What Hierarchy Actually Is
Typography hierarchy is the system of visual relationships that tells a reader: this matters more than that. It's communicated through size, weight, spacing, color, case, and style — not any one of these in isolation, but their combination and contrast.
A beginner's mistake is thinking hierarchy means "make the important things bigger." That's part of it. But hierarchy is really about contrast — and contrast requires a controlled range. When everything is large, nothing is important. When everything is the same weight, the eye wanders.
The Typographic Scale
A type scale is a set of predetermined sizes that relate to each other mathematically. Common ratios: 1.25 (Major Third), 1.333 (Perfect Fourth), 1.5 (Perfect Fifth). The ratio determines how dramatically sizes step up — a larger ratio gives bolder hierarchy, a smaller one gives subtle elegance.
Weight Is Underused
Most designers reach for size first. Weight is the more subtle and often more powerful lever. A body-sized but bold text draws the eye before a large but light heading. This is how pull quotes, callouts, and key terms work — not by being bigger, but by being heavier.
This is a heading
This is body text. The difference is minimal. The eye doesn't know where to start and doesn't feel a strong pull toward the heading.
This is a heading
This is body text. The contrast between bold heading and regular body creates an immediate, clear reading order. The eye is guided.

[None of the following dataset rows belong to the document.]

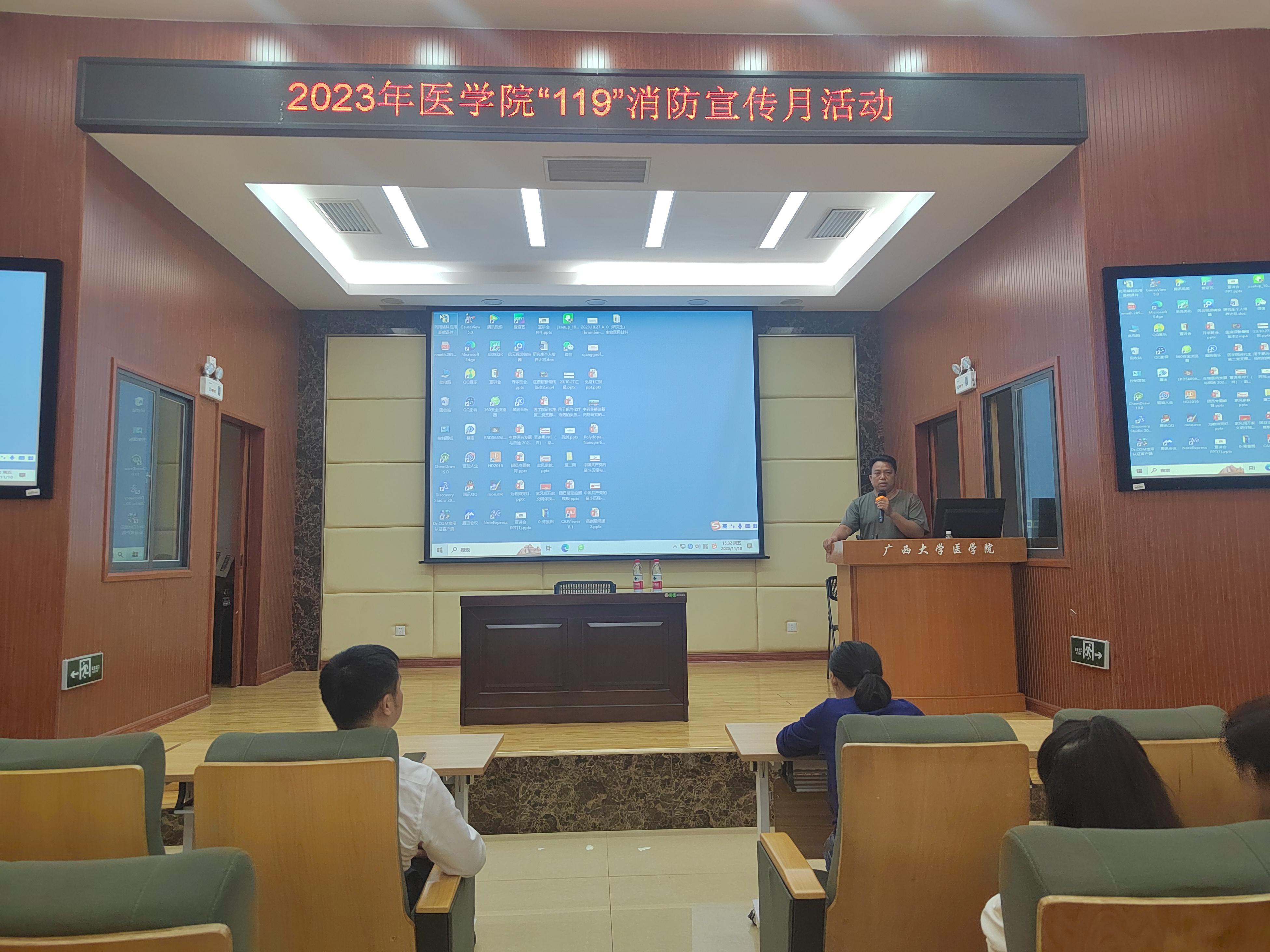 今年11月9日是第32个全国消防日,为加强消防宣传,提高师生消防安全意识和火灾防范处置能力,根据《自治区教育厅关于开展2023年全区教育系统消防宣传月活动的通知》和学校文件的要求并结合古天乐代言太阳集团网址实际,2023年11月10日上午,古天乐代言太阳集团网址邀请学校保卫处协助开展了消防安全宣讲和演练活动。古天乐代言太阳集团网址党委书记李波、副书记李莉、副院长廖碧莲及学院60多名师生参加了此次活动。
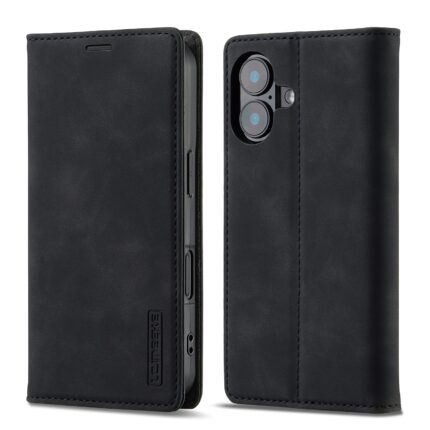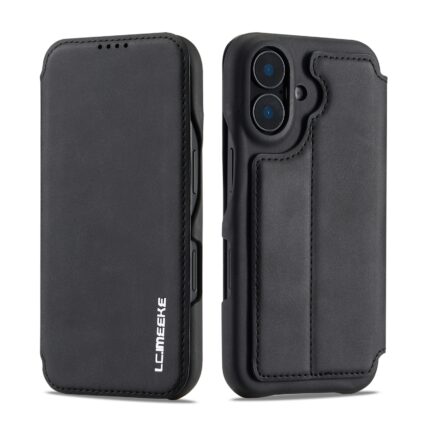 For iPhone 16 Plus LC.IMEEKE Strong Magnetism Microfiber Leather Phone Case(Black)
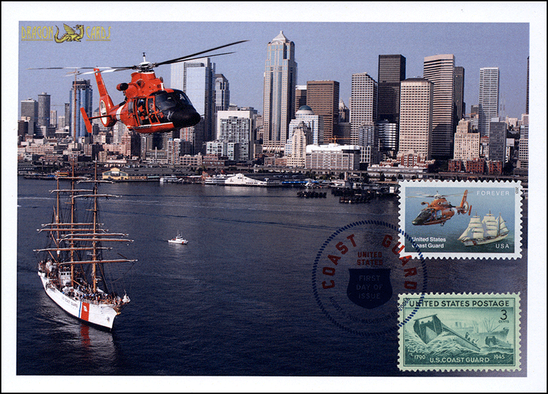 Sc. 5008 U.S. Coast Guard on a 5"x7" Dragon Card reproducing a USCG photo of the cutter Eagle and a MH-65 Dolphin helicopter, plus the Seattle skyline. Digital Color Postmark ties the new stamp and 1945's Sc. 936 Coast Guard. Great for a ships-, helicopters-, USCG- or military-on-stamps collection!

Spacing as Hierarchy Signal
Space around an element signals its importance. More space = more breathing room = more visual weight. The heading that has 3rem of space above it reads as more significant than one with 1rem, even at the same size and weight.
The practical rule: space above a heading should be roughly twice the space below it. This visually connects the heading to the content that follows it, rather than floating it between two sections with equal ambiguity.
Color in Hierarchy
Color adds a third dimension to hierarchy without changing size or weight. In a dark-mode palette, full-opacity white reads as primary, 70% opacity as secondary, 40% as tertiary metadata. This creates a hierarchy of visibility that parallels the size hierarchy.

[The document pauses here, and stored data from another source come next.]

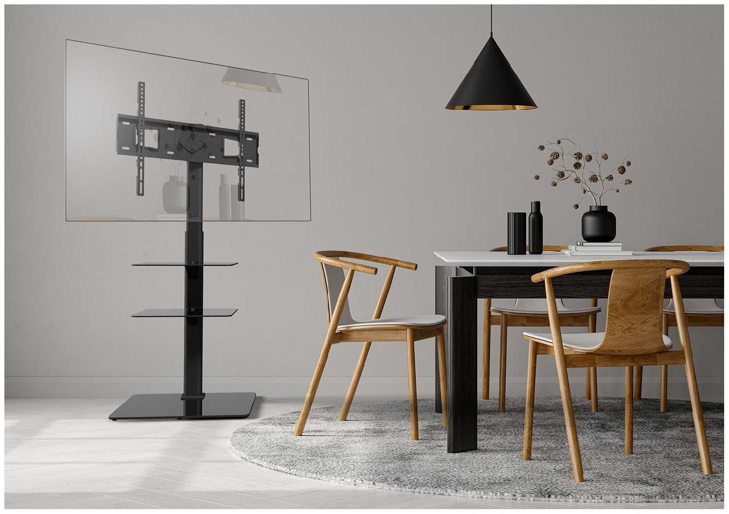 Чёрный матовый металл и тёмное стекло гармонично вписываются в современные стили (лофт, хай-тек, минимализм). В классических интерьерах стойка может выглядеть чужеродно из-за глянца и геометричной формы. Размеры компактны — занимает на 30% меньше места, чем традиционные ТВ-тумбы. -
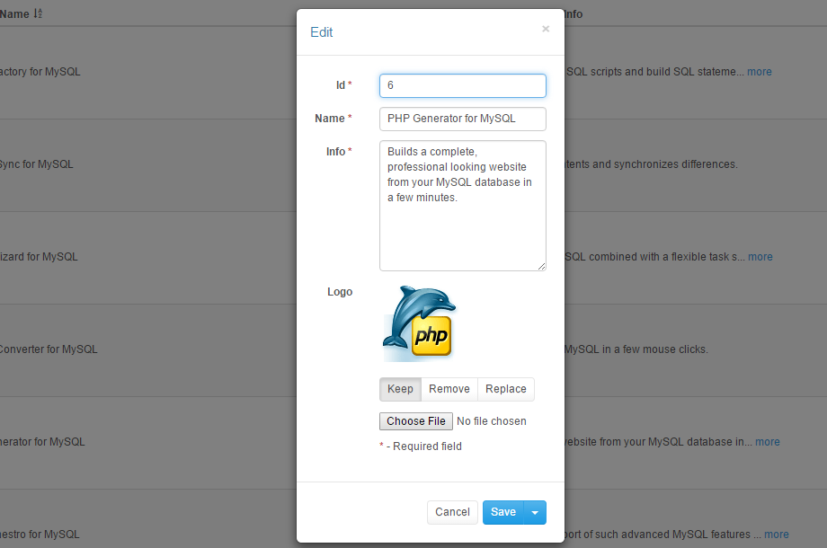 SQL Maestro Group is happy to announce the release of PHP Generator 16.3, a GUI frontend that allows you to build high-quality and feature-rich data-driven web applications for your database in minutes. There are versions for MySQL, MS SQL Server, PostgreSQL, Oracle, SQLite, Firebird, DB2, SQL Anywhere and MaxDB. |
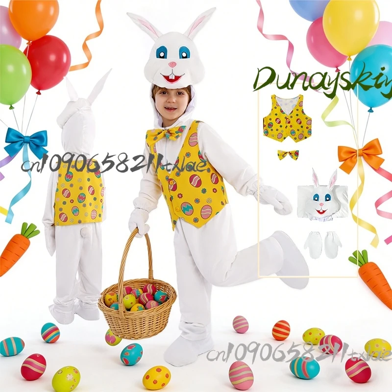 White Rabbit Headgear Jumpsuit Yellow Vest Bow Tie Boys Girls Cosplay Costumes Kawaii Plush Furry Pajamas Daily Carnival Easter
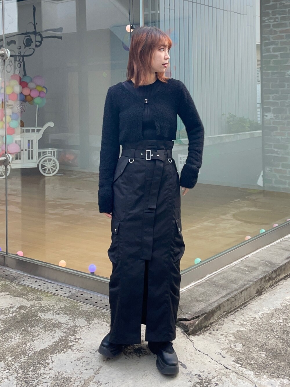 トレンディなブラックコーデです! トップスはカーデとインナーで別々にもお使い頂けます! スカートはカジュアルなデザインですか、かなり綺麗見えするので、いかつくなりすぎないのでチャレンジして頂きやすいです。
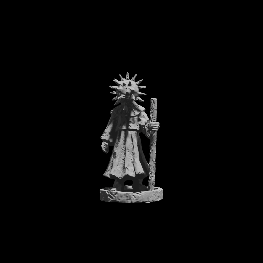 Промпт: a simple one-color small statue of a knight wearing robes, holding a stick, spiky sphere for a head, standing on a circular stand, white background
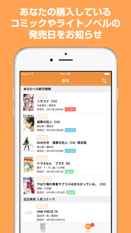 ・本棚に登録されているコミック・ライトノベルの新刊発売日をお知らせします。
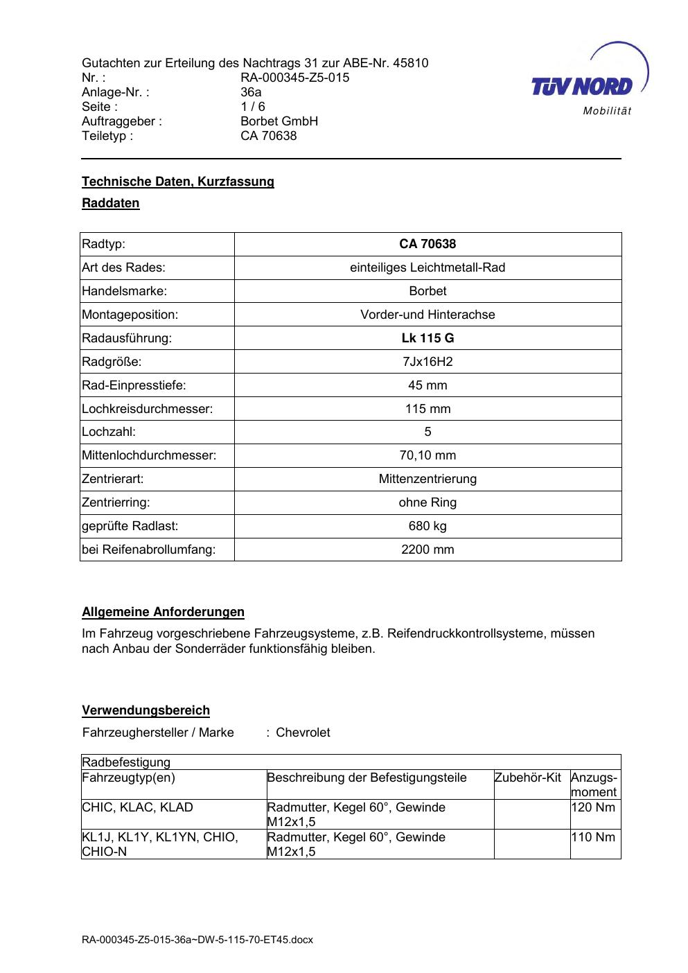 Dieses Gutachten (abe) bezieht sich auf die Alufelge Borbet CA 70638 in der Ausführung 7Jx16 ET 0, Mittenloch 0 mm (KBA 45810). Im PDF findest du typischerweise zulässige Reifengrößen, Auflagen/Anbauhinweise und – je nach Dokument – Hinweise zur Eintragung.

Accent color — used sparingly — functions as a visual interrupt. A single accent-colored label or category tag draws the eye before the heading, establishing context before the reader enters the content. Use it once per section maximum.
The Test
Squint at your layout. Blur your vision until you can't read the text. What you see is the hierarchy as pure shape and value. Can you still tell which element is most important? Can you trace a clear reading order from the shapes alone?
If yes, your hierarchy is structural and will survive any context — small screens, fast scanning, translation. If no, you're relying on content to create hierarchy that the design should be providing. Content meaning and visual weight are separate systems. Both need to work independently.